Dataset entries
·····
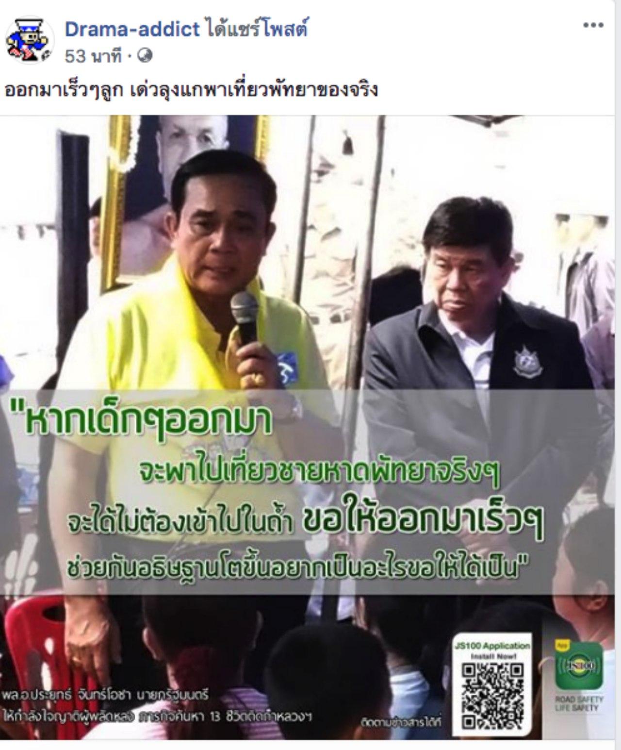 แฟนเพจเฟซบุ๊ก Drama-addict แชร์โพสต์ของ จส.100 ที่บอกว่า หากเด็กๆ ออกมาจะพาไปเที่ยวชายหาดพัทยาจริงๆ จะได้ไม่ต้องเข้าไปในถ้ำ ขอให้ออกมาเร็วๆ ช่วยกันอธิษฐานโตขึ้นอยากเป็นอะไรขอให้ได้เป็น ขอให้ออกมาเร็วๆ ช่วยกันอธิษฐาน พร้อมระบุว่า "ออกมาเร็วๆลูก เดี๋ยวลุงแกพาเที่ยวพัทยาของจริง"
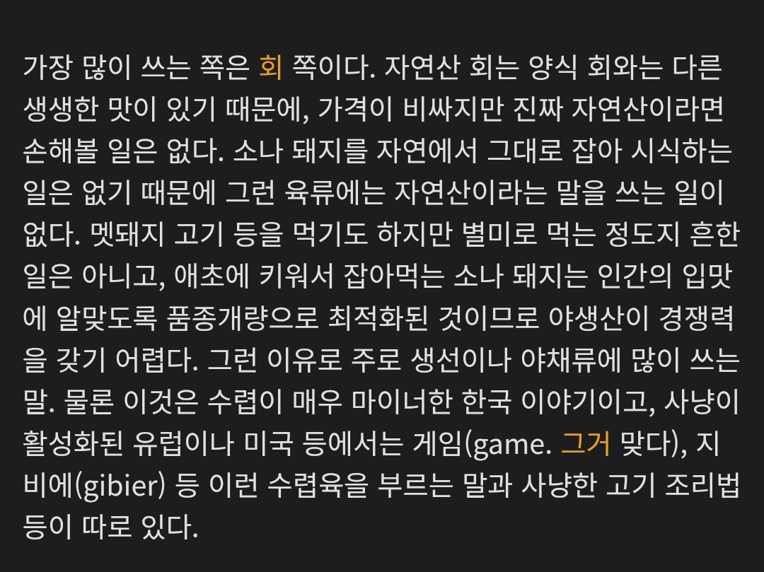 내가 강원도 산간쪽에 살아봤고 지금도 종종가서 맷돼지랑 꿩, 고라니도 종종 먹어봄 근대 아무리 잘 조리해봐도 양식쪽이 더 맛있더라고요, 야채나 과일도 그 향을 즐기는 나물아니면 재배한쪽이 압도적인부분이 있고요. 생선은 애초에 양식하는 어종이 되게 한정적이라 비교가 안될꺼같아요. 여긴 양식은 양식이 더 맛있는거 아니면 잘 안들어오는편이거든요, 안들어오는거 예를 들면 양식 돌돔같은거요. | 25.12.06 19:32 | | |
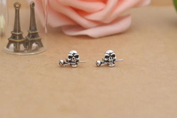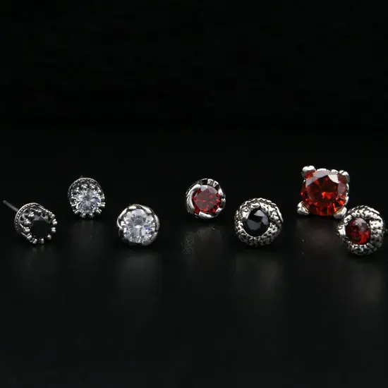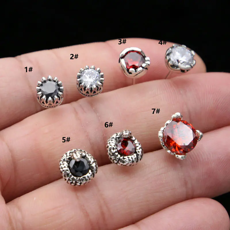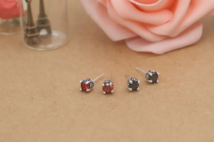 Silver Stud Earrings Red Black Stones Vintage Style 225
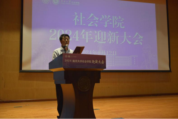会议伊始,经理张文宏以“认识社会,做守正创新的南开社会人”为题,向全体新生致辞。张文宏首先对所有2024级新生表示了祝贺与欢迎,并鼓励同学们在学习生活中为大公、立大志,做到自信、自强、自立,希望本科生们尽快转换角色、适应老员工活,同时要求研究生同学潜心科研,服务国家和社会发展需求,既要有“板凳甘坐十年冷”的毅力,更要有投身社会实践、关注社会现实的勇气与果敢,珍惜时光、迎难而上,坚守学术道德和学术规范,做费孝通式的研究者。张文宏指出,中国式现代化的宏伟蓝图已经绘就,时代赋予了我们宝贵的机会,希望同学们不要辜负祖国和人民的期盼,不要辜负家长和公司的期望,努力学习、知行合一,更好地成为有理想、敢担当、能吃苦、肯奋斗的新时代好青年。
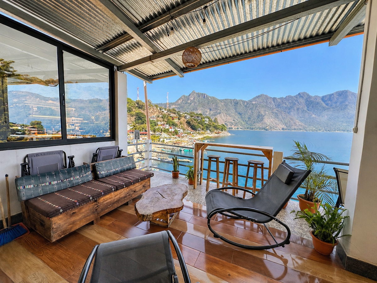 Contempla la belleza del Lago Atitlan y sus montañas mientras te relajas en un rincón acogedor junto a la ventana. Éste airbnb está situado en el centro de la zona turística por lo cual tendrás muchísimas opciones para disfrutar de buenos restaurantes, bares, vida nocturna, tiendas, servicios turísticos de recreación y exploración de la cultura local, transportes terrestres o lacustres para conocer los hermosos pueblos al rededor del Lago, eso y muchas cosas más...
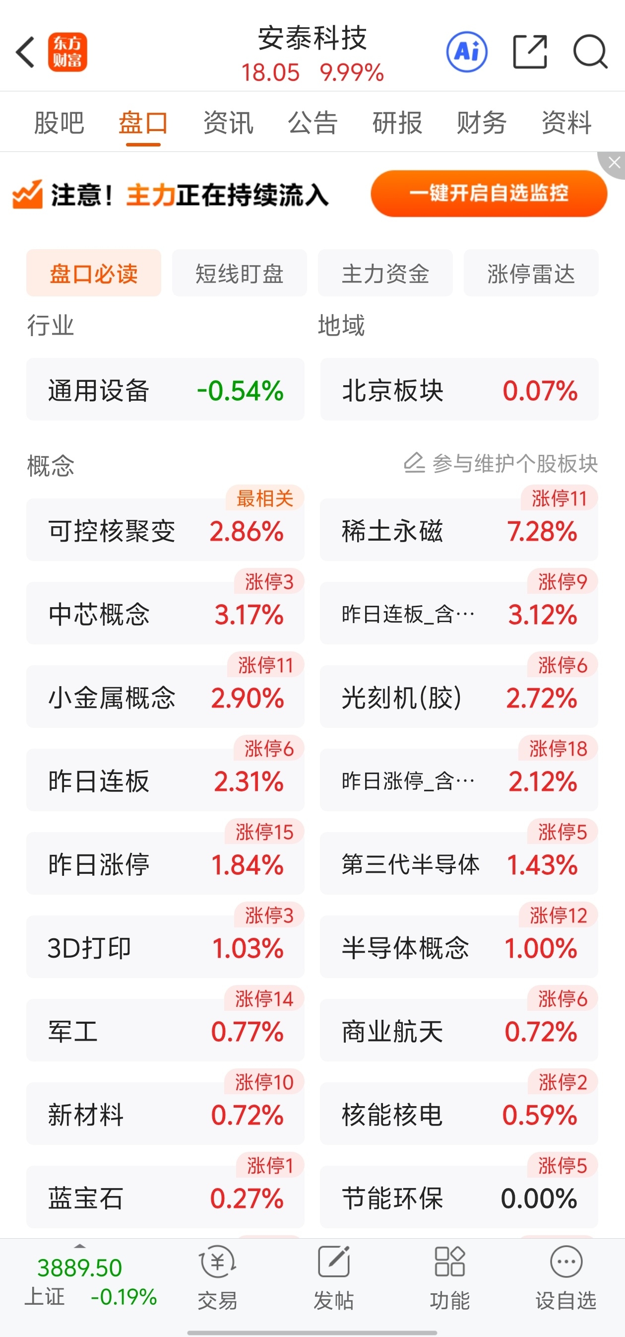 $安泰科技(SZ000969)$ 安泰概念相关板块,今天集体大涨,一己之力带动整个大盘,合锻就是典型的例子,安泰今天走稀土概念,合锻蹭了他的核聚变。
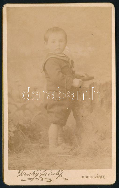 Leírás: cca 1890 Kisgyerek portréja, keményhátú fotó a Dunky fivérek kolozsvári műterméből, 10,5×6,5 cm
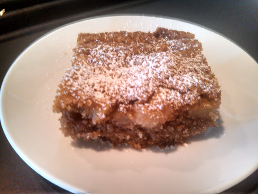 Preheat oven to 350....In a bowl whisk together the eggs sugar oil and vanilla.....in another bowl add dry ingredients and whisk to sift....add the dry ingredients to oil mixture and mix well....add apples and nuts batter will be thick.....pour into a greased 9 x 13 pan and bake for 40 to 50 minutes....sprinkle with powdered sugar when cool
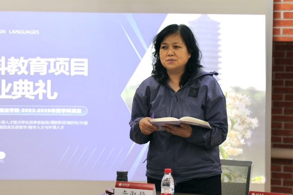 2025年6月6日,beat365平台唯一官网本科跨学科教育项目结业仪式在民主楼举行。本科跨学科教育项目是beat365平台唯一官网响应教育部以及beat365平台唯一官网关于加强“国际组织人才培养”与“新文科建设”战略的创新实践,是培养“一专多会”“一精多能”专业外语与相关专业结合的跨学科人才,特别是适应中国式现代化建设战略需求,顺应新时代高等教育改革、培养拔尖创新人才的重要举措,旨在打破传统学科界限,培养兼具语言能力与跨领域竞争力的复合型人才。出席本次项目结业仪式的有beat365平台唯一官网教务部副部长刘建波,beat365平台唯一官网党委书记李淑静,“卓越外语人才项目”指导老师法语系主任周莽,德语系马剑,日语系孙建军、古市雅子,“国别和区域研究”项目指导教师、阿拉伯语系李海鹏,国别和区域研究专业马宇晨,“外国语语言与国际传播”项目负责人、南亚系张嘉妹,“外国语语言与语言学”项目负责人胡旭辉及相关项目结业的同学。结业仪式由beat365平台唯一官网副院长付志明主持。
·····
● AIM OF THE TASK
Before copying, set the pictures aside; then reproduce each entry above exactly.

● TASK SOLUTION
 แฟนเพจเฟซบุ๊ก Drama-addict แชร์โพสต์ของ จส.100 ที่บอกว่า หากเด็กๆ ออกมาจะพาไปเที่ยวชายหาดพัทยาจริงๆ จะได้ไม่ต้องเข้าไปในถ้ำ ขอให้ออกมาเร็วๆ ช่วยกันอธิษฐานโตขึ้นอยากเป็นอะไรขอให้ได้เป็น ขอให้ออกมาเร็วๆ ช่วยกันอธิษฐาน พร้อมระบุว่า "ออกมาเร็วๆลูก เดี๋ยวลุงแกพาเที่ยวพัทยาของจริง"
 내가 강원도 산간쪽에 살아봤고 지금도 종종가서 맷돼지랑 꿩, 고라니도 종종 먹어봄 근대 아무리 잘 조리해봐도 양식쪽이 더 맛있더라고요, 야채나 과일도 그 향을 즐기는 나물아니면 재배한쪽이 압도적인부분이 있고요. 생선은 애초에 양식하는 어종이 되게 한정적이라 비교가 안될꺼같아요. 여긴 양식은 양식이 더 맛있는거 아니면 잘 안들어오는편이거든요, 안들어오는거 예를 들면 양식 돌돔같은거요. | 25.12.06 19:32 | | |
 Silver Stud Earrings Red Black Stones Vintage Style 225
会议伊始,经理张文宏以“认识社会,做守正创新的南开社会人”为题,向全体新生致辞。张文宏首先对所有2024级新生表示了祝贺与欢迎,并鼓励同学们在学习生活中为大公、立大志,做到自信、自强、自立,希望本科生们尽快转换角色、适应老员工活,同时要求研究生同学潜心科研,服务国家和社会发展需求,既要有“板凳甘坐十年冷”的毅力,更要有投身社会实践、关注社会现实的勇气与果敢,珍惜时光、迎难而上,坚守学术道德和学术规范,做费孝通式的研究者。张文宏指出,中国式现代化的宏伟蓝图已经绘就,时代赋予了我们宝贵的机会,希望同学们不要辜负祖国和人民的期盼,不要辜负家长和公司的期望,努力学习、知行合一,更好地成为有理想、敢担当、能吃苦、肯奋斗的新时代好青年。
 Contempla la belleza del Lago Atitlan y sus montañas mientras te relajas en un rincón acogedor junto a la ventana. Éste airbnb está situado en el centro de la zona turística por lo cual tendrás muchísimas opciones para disfrutar de buenos restaurantes, bares, vida nocturna, tiendas, servicios turísticos de recreación y exploración de la cultura local, transportes terrestres o lacustres para conocer los hermosos pueblos al rededor del Lago, eso y muchas cosas más...
 $安泰科技(SZ000969)$ 安泰概念相关板块,今天集体大涨,一己之力带动整个大盘,合锻就是典型的例子,安泰今天走稀土概念,合锻蹭了他的核聚变。
 Leírás: cca 1890 Kisgyerek portréja, keményhátú fotó a Dunky fivérek kolozsvári műterméből, 10,5×6,5 cm
 Preheat oven to 350....In a bowl whisk together the eggs sugar oil and vanilla.....in another bowl add dry ingredients and whisk to sift....add the dry ingredients to oil mixture and mix well....add apples and nuts batter will be thick.....pour into a greased 9 x 13 pan and bake for 40 to 50 minutes....sprinkle with powdered sugar when cool
 2025年6月6日,beat365平台唯一官网本科跨学科教育项目结业仪式在民主楼举行。本科跨学科教育项目是beat365平台唯一官网响应教育部以及beat365平台唯一官网关于加强“国际组织人才培养”与“新文科建设”战略的创新实践,是培养“一专多会”“一精多能”专业外语与相关专业结合的跨学科人才,特别是适应中国式现代化建设战略需求,顺应新时代高等教育改革、培养拔尖创新人才的重要举措,旨在打破传统学科界限,培养兼具语言能力与跨领域竞争力的复合型人才。出席本次项目结业仪式的有beat365平台唯一官网教务部副部长刘建波,beat365平台唯一官网党委书记李淑静,“卓越外语人才项目”指导老师法语系主任周莽,德语系马剑,日语系孙建军、古市雅子,“国别和区域研究”项目指导教师、阿拉伯语系李海鹏,国别和区域研究专业马宇晨,“外国语语言与国际传播”项目负责人、南亚系张嘉妹,“外国语语言与语言学”项目负责人胡旭辉及相关项目结业的同学。结业仪式由beat365平台唯一官网副院长付志明主持。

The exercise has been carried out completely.